In morte di Hugo Chavez: i suoi meriti per l'economia venezuelana

 
Si apre il Conclave (cioè si chiudono i Grandi Elettori sotto chiave): curiosi paralleli elettorali. 


Non trascorre praticamente un mese senza che da qualche parte del mondo avvenga un’elezione:  vere, fasulle, democratiche o addomesticate, contestate o ignorate, pilotate, o annullate, ce n’è di ogni gusto e colore.
La settimana entrante inizierà (e forse anche si concluderà) una delle elezioni più curiose per modalità teatrali e per numero di interessati. Non elettori, che sono poco più di un centinaio, ma per i milioni di credenti che si troveranno a riavere presto un sommo capo le cui parole in materia di fede suoneranno infallibili. Un attributo questo che nessun altra monarchia assoluta o dittatura ha mai avuto il coraggio di attribuire ai propri regnanti o conduttori supremi.

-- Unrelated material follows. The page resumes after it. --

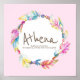 Cartaz com nome personalizado perfeito para o quarto ou sala de brincar de uma menina em tons de rosa, turquesa e marrom amarelo dourado. Personalize com seu próprio nome e significado do nome para um toque verdadeiramente personalizado no quarto ou berçário do seu filho, este exemplo é para o nome Atena Deusa da sabedoria Corajosa, astuta e inteligente. Impressão de cartaz fofo ideal para um novo bebê ou batizado ou presente de aniversário para menina. © Contas de aquarela exclusivas e arte e design de penas por Sarah Trett. www.sarahtrett.com para www.mylittleeden.com

Nelle modalità di voto il “conclave” nella Cappella Sistina ricorda da vicino le modalità con cui nell’Unione Sovietica il Politbureau o Comitato Centrale sceglieva il Segretario Generale (Генеральный секретарь ЦК КПСС) del partito che diveniva di fatto il detentore effettivo del potere.
Che l’elezione di un nuovo pontefice avvenga “sotto chiave” come significa il termine “conclave” ha buoni motivi storici e comprensibili ragioni pratiche.

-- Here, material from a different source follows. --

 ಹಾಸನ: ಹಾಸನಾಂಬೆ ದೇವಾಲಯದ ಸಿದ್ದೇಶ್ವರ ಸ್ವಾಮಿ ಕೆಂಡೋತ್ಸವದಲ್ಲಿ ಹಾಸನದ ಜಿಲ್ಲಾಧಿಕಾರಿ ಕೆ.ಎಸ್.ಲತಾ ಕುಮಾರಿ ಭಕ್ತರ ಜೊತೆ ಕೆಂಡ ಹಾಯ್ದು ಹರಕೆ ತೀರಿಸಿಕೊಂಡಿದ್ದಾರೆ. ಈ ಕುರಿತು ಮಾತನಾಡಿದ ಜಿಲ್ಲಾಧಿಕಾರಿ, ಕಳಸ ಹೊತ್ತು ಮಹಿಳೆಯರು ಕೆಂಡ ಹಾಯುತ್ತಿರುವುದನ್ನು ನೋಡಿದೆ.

Se avvenisse con un’elezione pubblica come quella ad esempio del Presidente della Repubblica italiana, nella seduta comune del Parlamento, con maggioranza di due terzi inizialmente e semplice dal terzo scrutinio in poi, si assisterebbe al mercato dei voti, ad una campagna elettorale e quindi a promesse (magari indulgenze o simonie) e potrebbe inoltre verificarsi una situazione di stallo; in conclusione sarebbe poi difficile continuare a sostenere che il personaggio risultato eletto magari con modalità magari poco edificanti divenga seduta stante infallibile. Se anche non pesanti come nei secoli passati (quando re ed imperatori o gruppi di cardinali facevano eleggere e deponevano a loro piacimento i pontefici e più volte si ebbero papi ed antipapi in guerra fra di loro) anche le ingerenze secolari si farebbero sentire.
Dunque è legittimo che l’elezione del Pontefice avvenga a porte chiuse: se non altro per motivi di decenza (meglio non sapere come arriveranno i cardinali a concentrare i voti su uno di loro, o meglio come farà costui a ottenerli) .
Ma detto ciò, non si può non vedere come questo tipo di scelta di un capo sia quanto di più antidemocratico si possa immaginare. La “Glasnost” è vero ha provocato il crollo dell’Unione Sovietica, ma anche del Muro di Berlino. I muri del Vaticano sono tuttavia indistruttibili, quindi inutile perdere tempo con la “Glasnost”.
E’ prevedibile che una religione legata ad un apparato ecclesiastico strutturato in maniera così autoreferente non possa sperare di espandersi in un mondo che della trasparenza e della democraticità ha fatto gli ideali da perseguire, anche se la strada verso di essi si rivela spesso tortuosa. Ma una riforma interna appare impossibile: ci vorrebbe un miracolo.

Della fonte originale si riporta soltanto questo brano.